Fig. 20 is a diagram illustrating automatic 
distribution using three types of important area 
extraction . 

DESCRIPTION OF THE EMBODIMENTS 

In a first embodiment, the fundamental 
structure of the present invention to be reduced in 
practice will be described, and in a second embodiment, 
the fundamental structure added with automatic 
distribution to operators will be described. 
[First Embodiment] 

The present invention will be described with 



reference to the accompanying drawing. Fig. 1 is a 
diagram showing the fundamental structure of the 
present invention. At a document input step 101, a 
document of a text format is input. This text document 
may be an e-mail, a document read from a paper document 
with an OCR equipment, or the like.

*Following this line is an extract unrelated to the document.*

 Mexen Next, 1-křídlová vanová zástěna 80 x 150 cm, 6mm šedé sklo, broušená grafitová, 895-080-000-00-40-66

Fig. 5 shows an 
example of a text document whose contents are 
represented by (-) excepting periods. 

Important parts for respective question 
contents are extracted from an input document . 

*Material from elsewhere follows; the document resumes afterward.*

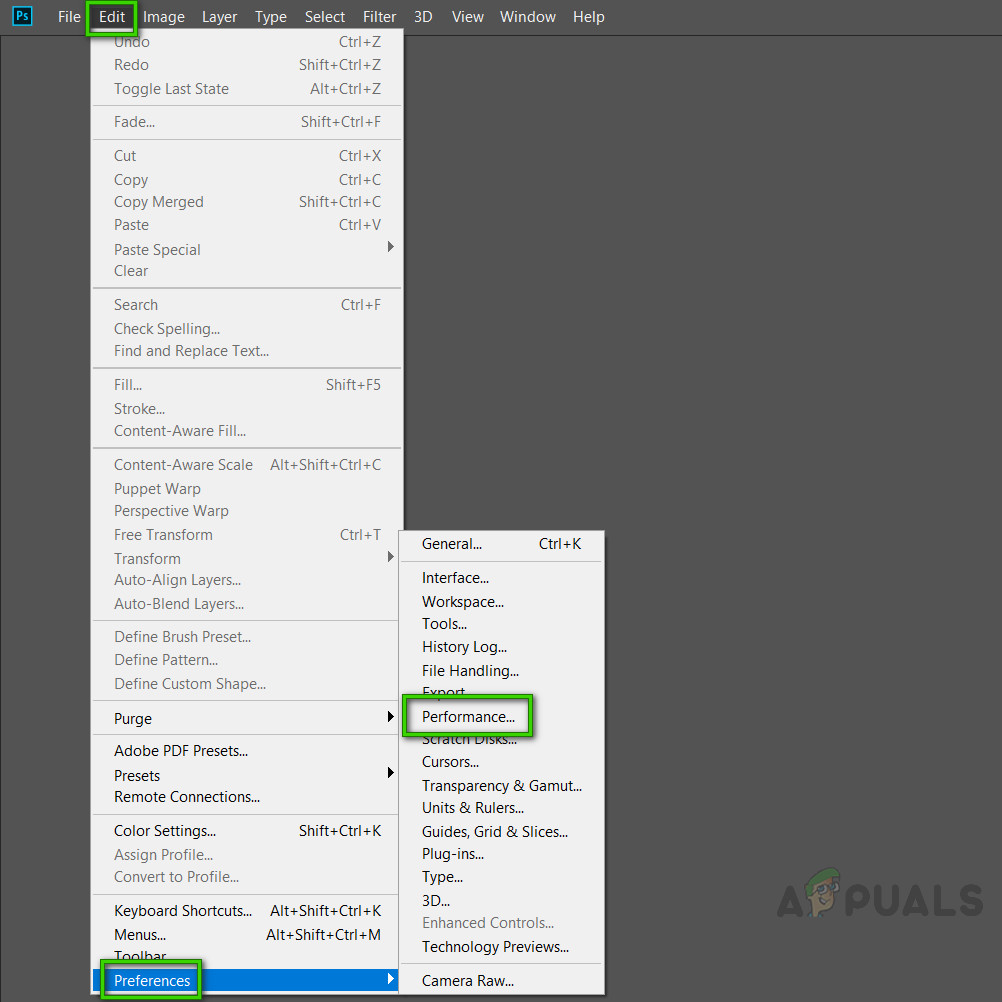 Opening Adobe Photoshop - Go to Edit > Preferences > Performance. This will open Photoshop settings that are relevant to the performance factor i.e. Physical memory settings, History & Cache, etc.

First, a processing area determination step 
102 is executed for an input document. The document is 
divided by using new paragraphs and periods as 
separators. Fig. 5 shows an example of a divided 
document . 

Next, an important area extraction step 103 
is executed. The sentence in each area divided by the 
processing area determination step 102 is checked 
whether it is important or unimportant, in accordance 
with question document sets for respective reply 
examples and corresponding reply example keyword 
frequency information (e.g., 1104, 1105, 1106) shown in 
Fig. 11, and important area sets and unimportant area 
sets and corresponding important part keyword frequency 
information (1201) and unimportant part keyword 
frequency information (1202) shown in Fig. 12. 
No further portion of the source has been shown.